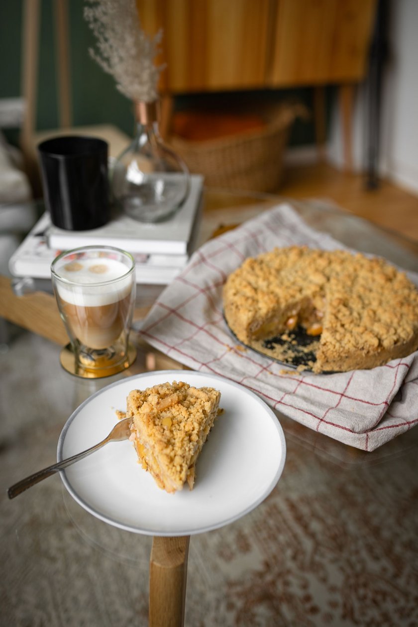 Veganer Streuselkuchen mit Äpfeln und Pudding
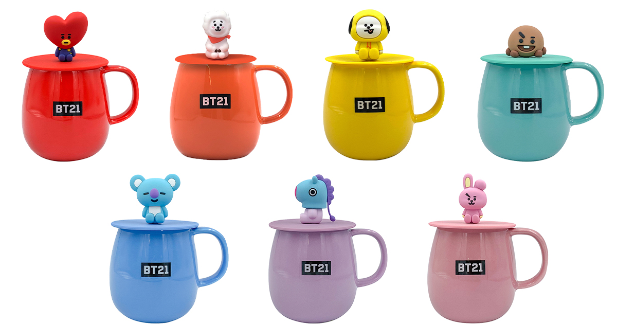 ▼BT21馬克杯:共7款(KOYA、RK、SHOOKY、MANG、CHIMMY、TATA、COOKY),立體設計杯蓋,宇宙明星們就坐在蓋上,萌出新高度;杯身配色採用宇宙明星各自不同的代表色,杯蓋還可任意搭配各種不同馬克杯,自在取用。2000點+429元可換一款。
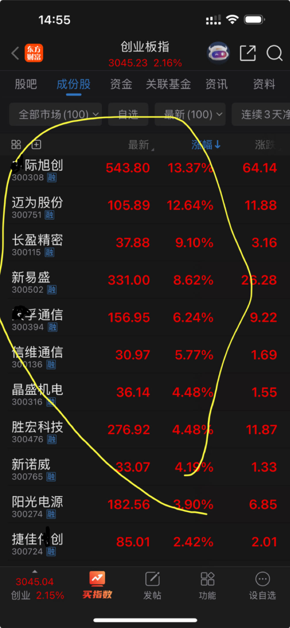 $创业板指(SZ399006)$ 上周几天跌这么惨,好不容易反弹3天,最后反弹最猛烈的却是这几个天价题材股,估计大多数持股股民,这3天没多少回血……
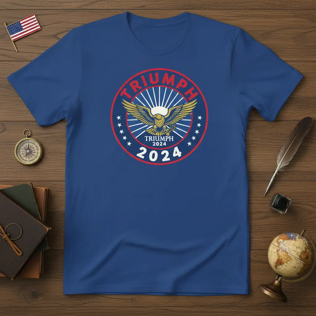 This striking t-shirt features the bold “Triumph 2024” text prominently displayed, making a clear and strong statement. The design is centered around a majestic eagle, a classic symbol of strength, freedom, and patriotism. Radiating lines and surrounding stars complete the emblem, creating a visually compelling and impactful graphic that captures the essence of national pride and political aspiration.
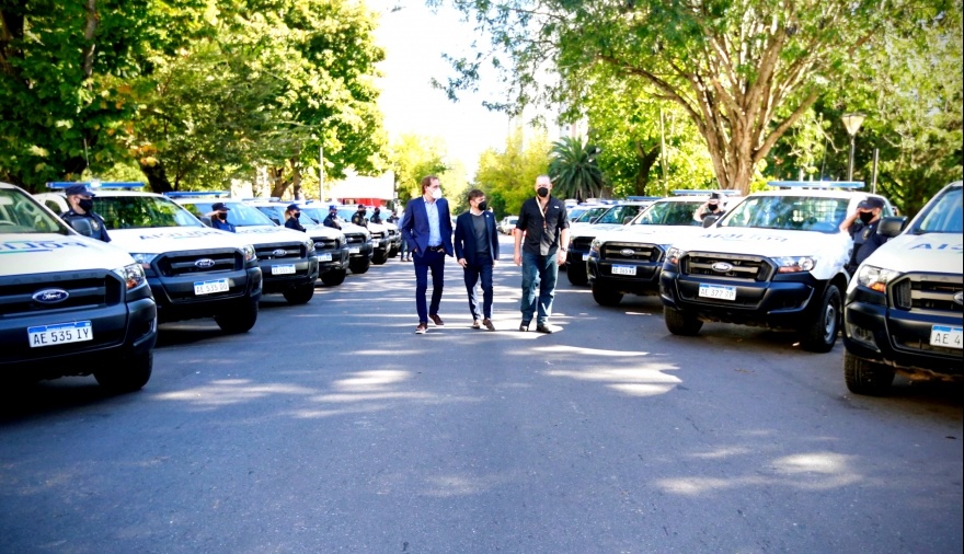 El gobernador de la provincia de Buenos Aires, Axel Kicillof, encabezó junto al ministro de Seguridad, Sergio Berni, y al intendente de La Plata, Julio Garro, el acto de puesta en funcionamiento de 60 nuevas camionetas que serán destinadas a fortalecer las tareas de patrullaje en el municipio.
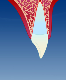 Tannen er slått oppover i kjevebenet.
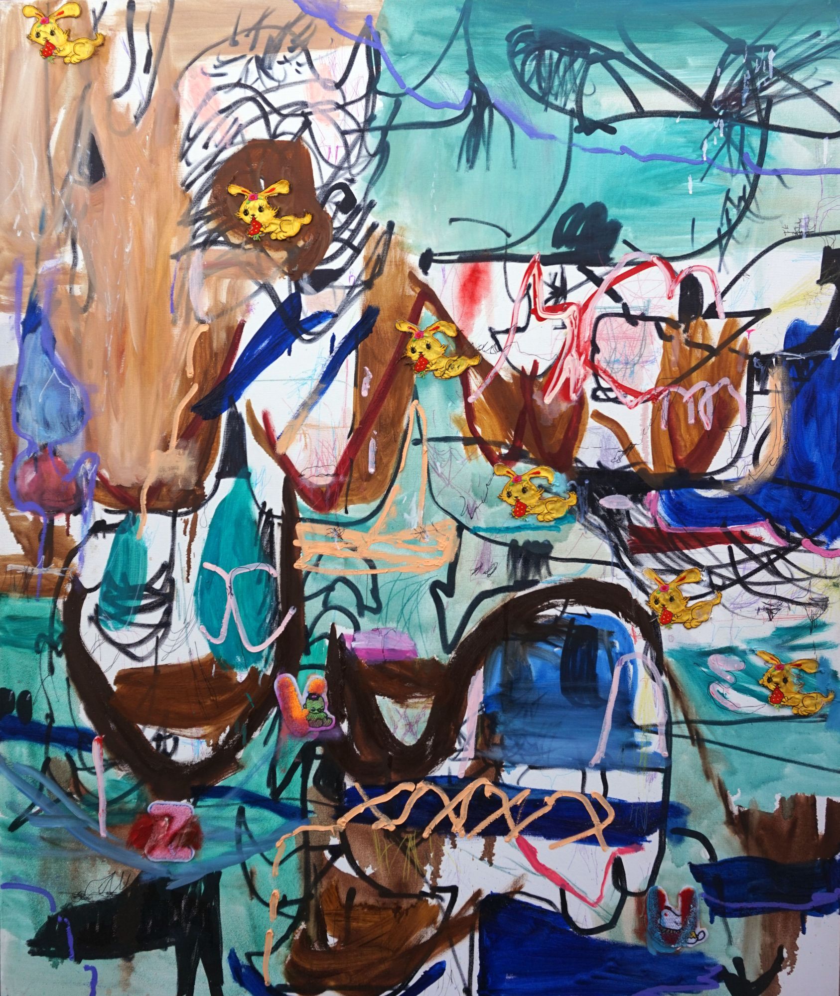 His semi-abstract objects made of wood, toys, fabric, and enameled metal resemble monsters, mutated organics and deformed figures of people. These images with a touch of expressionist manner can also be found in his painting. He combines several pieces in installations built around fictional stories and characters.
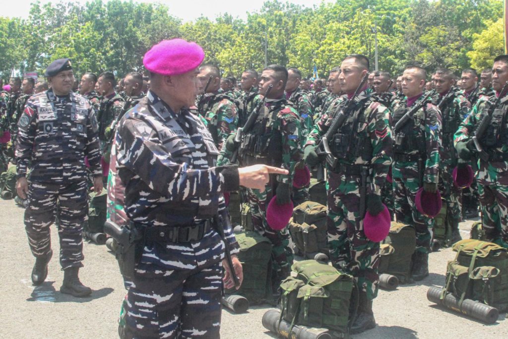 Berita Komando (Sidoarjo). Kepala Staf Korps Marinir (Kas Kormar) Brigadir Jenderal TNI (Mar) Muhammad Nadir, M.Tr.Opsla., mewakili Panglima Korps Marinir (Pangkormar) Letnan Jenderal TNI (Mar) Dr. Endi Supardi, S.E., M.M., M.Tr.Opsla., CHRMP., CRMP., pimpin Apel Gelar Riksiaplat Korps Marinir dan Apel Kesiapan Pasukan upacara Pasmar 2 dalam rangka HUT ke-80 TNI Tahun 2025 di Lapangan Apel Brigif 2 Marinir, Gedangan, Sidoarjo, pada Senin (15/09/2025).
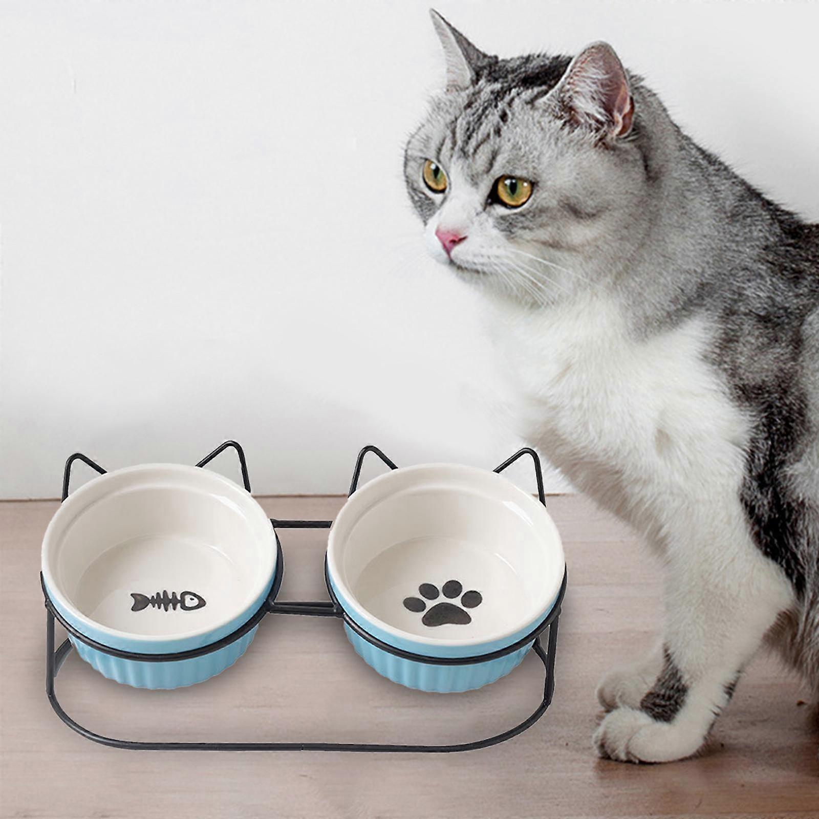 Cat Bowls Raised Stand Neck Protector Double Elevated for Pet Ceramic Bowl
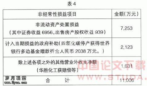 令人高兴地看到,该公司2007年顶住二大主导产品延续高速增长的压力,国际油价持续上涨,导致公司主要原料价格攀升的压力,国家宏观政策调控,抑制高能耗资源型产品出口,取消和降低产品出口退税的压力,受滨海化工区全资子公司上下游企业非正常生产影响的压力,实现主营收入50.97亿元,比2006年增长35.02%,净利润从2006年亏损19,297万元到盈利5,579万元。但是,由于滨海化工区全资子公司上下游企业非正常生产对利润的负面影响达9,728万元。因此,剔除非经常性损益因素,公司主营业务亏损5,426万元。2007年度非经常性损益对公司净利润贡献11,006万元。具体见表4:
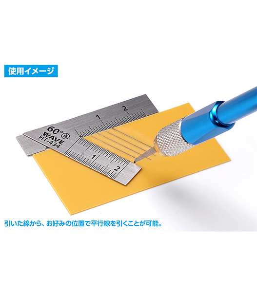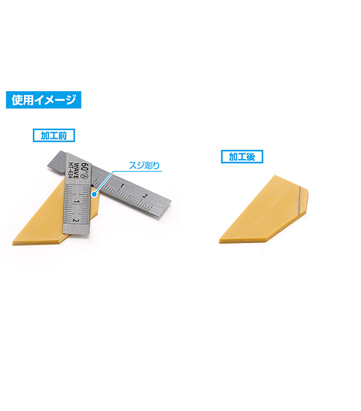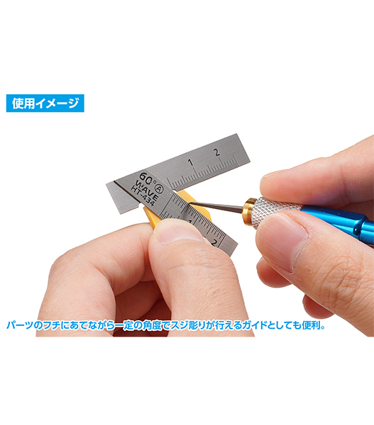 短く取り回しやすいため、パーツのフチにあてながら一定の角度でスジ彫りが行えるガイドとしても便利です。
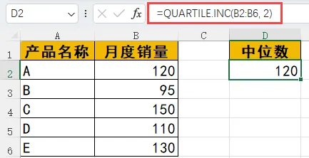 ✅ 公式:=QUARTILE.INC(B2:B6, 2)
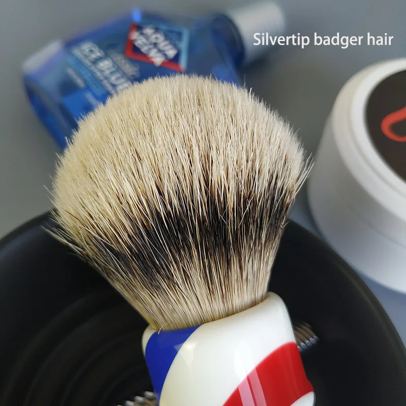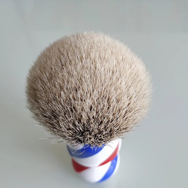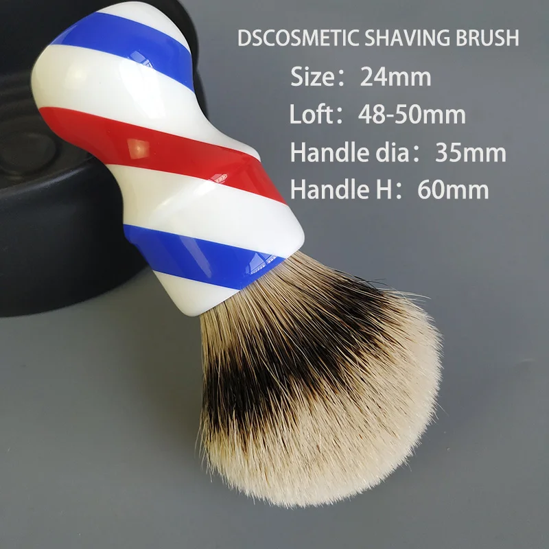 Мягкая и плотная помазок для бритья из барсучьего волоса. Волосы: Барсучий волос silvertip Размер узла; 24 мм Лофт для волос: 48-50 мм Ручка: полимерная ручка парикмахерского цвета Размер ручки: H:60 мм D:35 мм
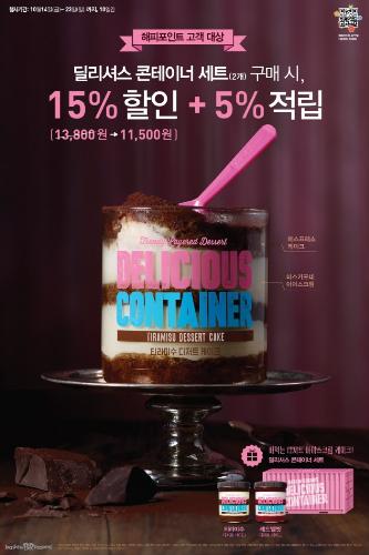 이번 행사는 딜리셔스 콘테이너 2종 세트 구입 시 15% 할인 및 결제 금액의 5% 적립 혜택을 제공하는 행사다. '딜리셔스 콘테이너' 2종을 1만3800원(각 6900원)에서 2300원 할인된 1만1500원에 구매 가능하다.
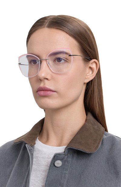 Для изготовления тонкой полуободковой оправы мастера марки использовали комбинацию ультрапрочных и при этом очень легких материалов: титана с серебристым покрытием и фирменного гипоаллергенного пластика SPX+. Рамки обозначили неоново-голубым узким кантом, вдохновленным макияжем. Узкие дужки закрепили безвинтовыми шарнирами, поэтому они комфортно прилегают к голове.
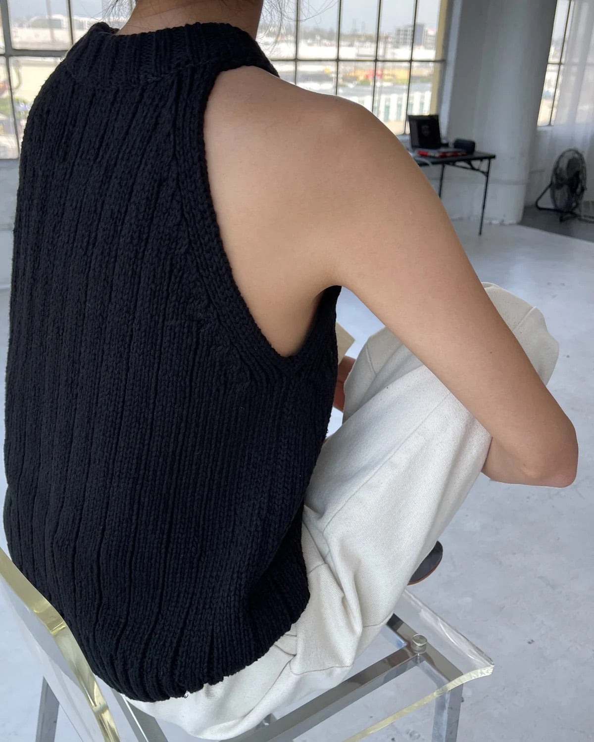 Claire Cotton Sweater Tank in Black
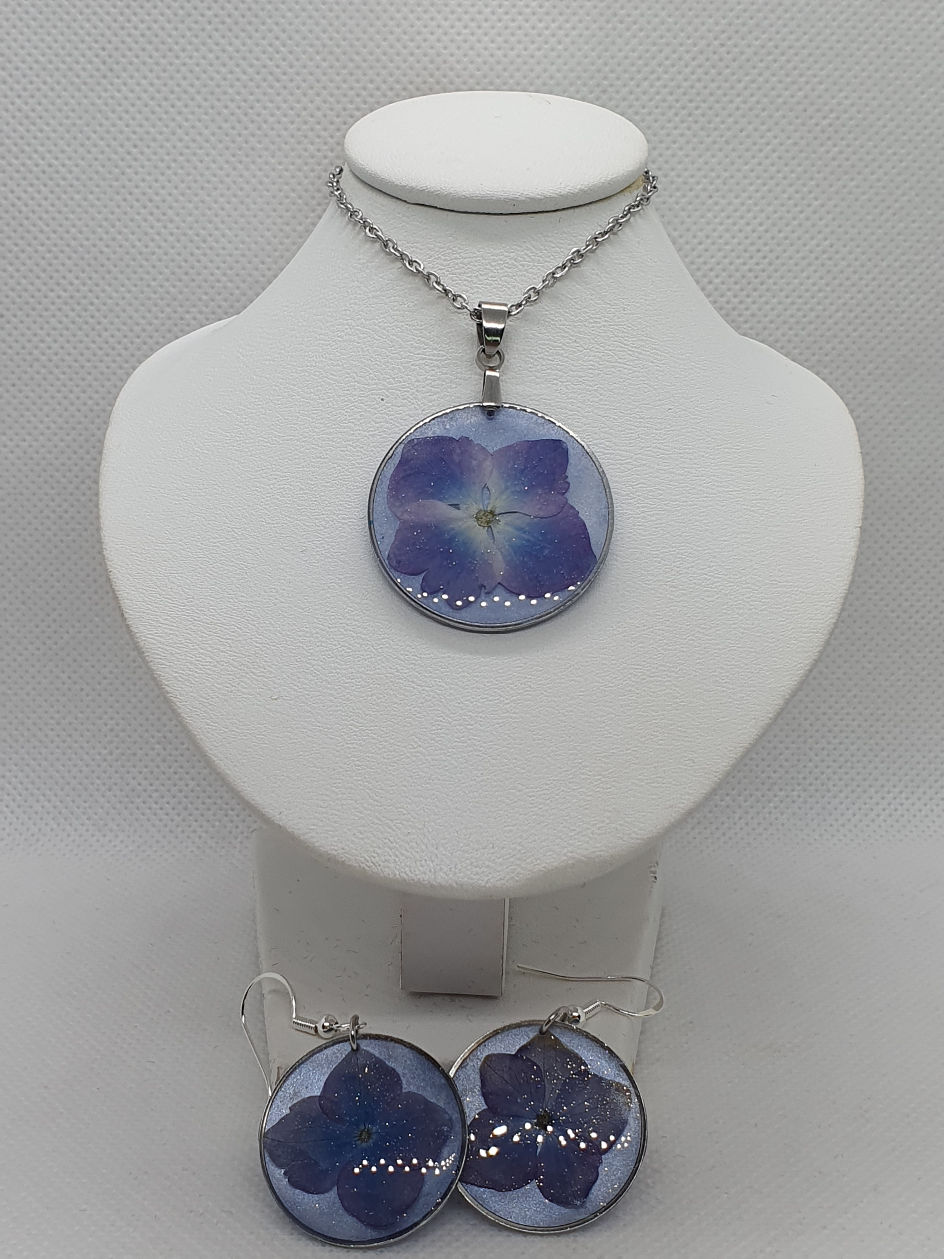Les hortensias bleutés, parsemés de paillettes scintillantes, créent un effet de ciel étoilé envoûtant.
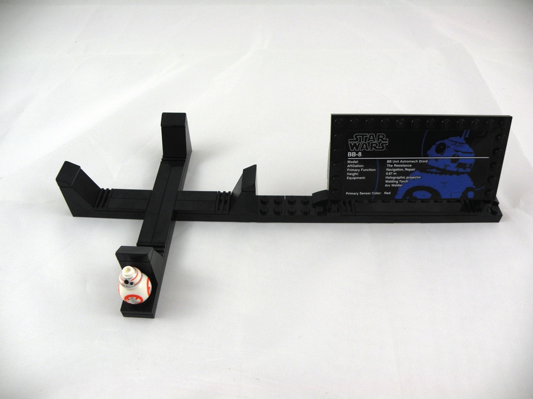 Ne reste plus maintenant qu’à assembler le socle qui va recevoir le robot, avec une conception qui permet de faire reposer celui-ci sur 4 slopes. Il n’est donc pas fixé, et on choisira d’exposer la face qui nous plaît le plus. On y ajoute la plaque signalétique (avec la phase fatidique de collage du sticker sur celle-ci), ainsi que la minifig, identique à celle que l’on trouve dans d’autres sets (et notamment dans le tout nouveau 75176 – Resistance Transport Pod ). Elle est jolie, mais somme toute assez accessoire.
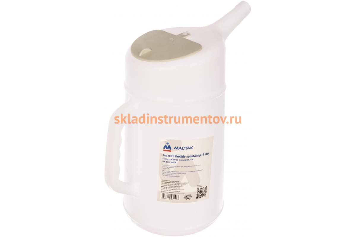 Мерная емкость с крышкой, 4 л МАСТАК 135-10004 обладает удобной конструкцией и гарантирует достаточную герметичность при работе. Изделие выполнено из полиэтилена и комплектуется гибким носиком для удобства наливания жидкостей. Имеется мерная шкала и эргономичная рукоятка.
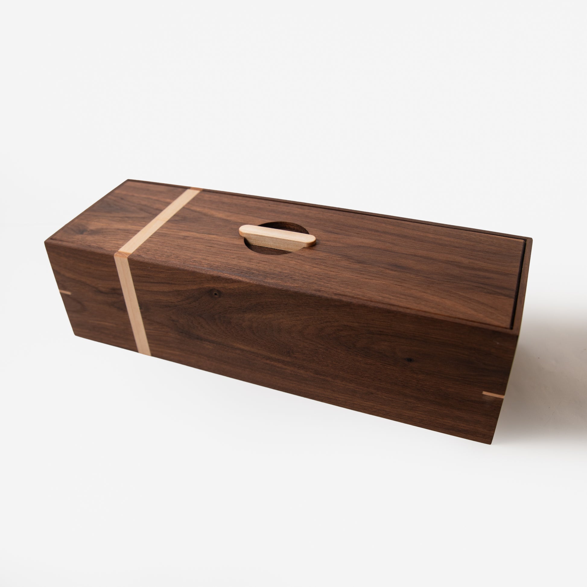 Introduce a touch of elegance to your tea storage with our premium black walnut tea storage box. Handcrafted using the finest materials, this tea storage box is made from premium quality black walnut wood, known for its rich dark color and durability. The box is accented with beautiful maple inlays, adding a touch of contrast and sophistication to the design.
########
▸ PROBLEM DESCRIPTION
An exact copy of the entries above is required, with the pictures left out.

▸ YOUR RESPONSE
 Veganer Streuselkuchen mit Äpfeln und Pudding
 ▼BT21馬克杯:共7款(KOYA、RK、SHOOKY、MANG、CHIMMY、TATA、COOKY),立體設計杯蓋,宇宙明星們就坐在蓋上,萌出新高度;杯身配色採用宇宙明星各自不同的代表色,杯蓋還可任意搭配各種不同馬克杯,自在取用。2000點+429元可換一款。
 $创业板指(SZ399006)$ 上周几天跌这么惨,好不容易反弹3天,最后反弹最猛烈的却是这几个天价题材股,估计大多数持股股民,这3天没多少回血……
 This striking t-shirt features the bold “Triumph 2024” text prominently displayed, making a clear and strong statement. The design is centered around a majestic eagle, a classic symbol of strength, freedom, and patriotism. Radiating lines and surrounding stars complete the emblem, creating a visually compelling and impactful graphic that captures the essence of national pride and political aspiration.
 El gobernador de la provincia de Buenos Aires, Axel Kicillof, encabezó junto al ministro de Seguridad, Sergio Berni, y al intendente de La Plata, Julio Garro, el acto de puesta en funcionamiento de 60 nuevas camionetas que serán destinadas a fortalecer las tareas de patrullaje en el municipio.
 Tannen er slått oppover i kjevebenet.
 His semi-abstract objects made of wood, toys, fabric, and enameled metal resemble monsters, mutated organics and deformed figures of people. These images with a touch of expressionist manner can also be found in his painting. He combines several pieces in installations built around fictional stories and characters.
 Berita Komando (Sidoarjo). Kepala Staf Korps Marinir (Kas Kormar) Brigadir Jenderal TNI (Mar) Muhammad Nadir, M.Tr.Opsla., mewakili Panglima Korps Marinir (Pangkormar) Letnan Jenderal TNI (Mar) Dr. Endi Supardi, S.E., M.M., M.Tr.Opsla., CHRMP., CRMP., pimpin Apel Gelar Riksiaplat Korps Marinir dan Apel Kesiapan Pasukan upacara Pasmar 2 dalam rangka HUT ke-80 TNI Tahun 2025 di Lapangan Apel Brigif 2 Marinir, Gedangan, Sidoarjo, pada Senin (15/09/2025).
 Cat Bowls Raised Stand Neck Protector Double Elevated for Pet Ceramic Bowl
 令人高兴地看到,该公司2007年顶住二大主导产品延续高速增长的压力,国际油价持续上涨,导致公司主要原料价格攀升的压力,国家宏观政策调控,抑制高能耗资源型产品出口,取消和降低产品出口退税的压力,受滨海化工区全资子公司上下游企业非正常生产影响的压力,实现主营收入50.97亿元,比2006年增长35.02%,净利润从2006年亏损19,297万元到盈利5,579万元。但是,由于滨海化工区全资子公司上下游企业非正常生产对利润的负面影响达9,728万元。因此,剔除非经常性损益因素,公司主营业务亏损5,426万元。2007年度非经常性损益对公司净利润贡献11,006万元。具体见表4:
 短く取り回しやすいため、パーツのフチにあてながら一定の角度でスジ彫りが行えるガイドとしても便利です。
 ✅ 公式:=QUARTILE.INC(B2:B6, 2)
 Мягкая и плотная помазок для бритья из барсучьего волоса. Волосы: Барсучий волос silvertip Размер узла; 24 мм Лофт для волос: 48-50 мм Ручка: полимерная ручка парикмахерского цвета Размер ручки: H:60 мм D:35 мм
 이번 행사는 딜리셔스 콘테이너 2종 세트 구입 시 15% 할인 및 결제 금액의 5% 적립 혜택을 제공하는 행사다. '딜리셔스 콘테이너' 2종을 1만3800원(각 6900원)에서 2300원 할인된 1만1500원에 구매 가능하다.
 Для изготовления тонкой полуободковой оправы мастера марки использовали комбинацию ультрапрочных и при этом очень легких материалов: титана с серебристым покрытием и фирменного гипоаллергенного пластика SPX+. Рамки обозначили неоново-голубым узким кантом, вдохновленным макияжем. Узкие дужки закрепили безвинтовыми шарнирами, поэтому они комфортно прилегают к голове.
 Claire Cotton Sweater Tank in Black
Les hortensias bleutés, parsemés de paillettes scintillantes, créent un effet de ciel étoilé envoûtant.
 Ne reste plus maintenant qu’à assembler le socle qui va recevoir le robot, avec une conception qui permet de faire reposer celui-ci sur 4 slopes. Il n’est donc pas fixé, et on choisira d’exposer la face qui nous plaît le plus. On y ajoute la plaque signalétique (avec la phase fatidique de collage du sticker sur celle-ci), ainsi que la minifig, identique à celle que l’on trouve dans d’autres sets (et notamment dans le tout nouveau 75176 – Resistance Transport Pod ). Elle est jolie, mais somme toute assez accessoire.
 Мерная емкость с крышкой, 4 л МАСТАК 135-10004 обладает удобной конструкцией и гарантирует достаточную герметичность при работе. Изделие выполнено из полиэтилена и комплектуется гибким носиком для удобства наливания жидкостей. Имеется мерная шкала и эргономичная рукоятка.
 Introduce a touch of elegance to your tea storage with our premium black walnut tea storage box. Handcrafted using the finest materials, this tea storage box is made from premium quality black walnut wood, known for its rich dark color and durability. The box is accented with beautiful maple inlays, adding a touch of contrast and sophistication to the design.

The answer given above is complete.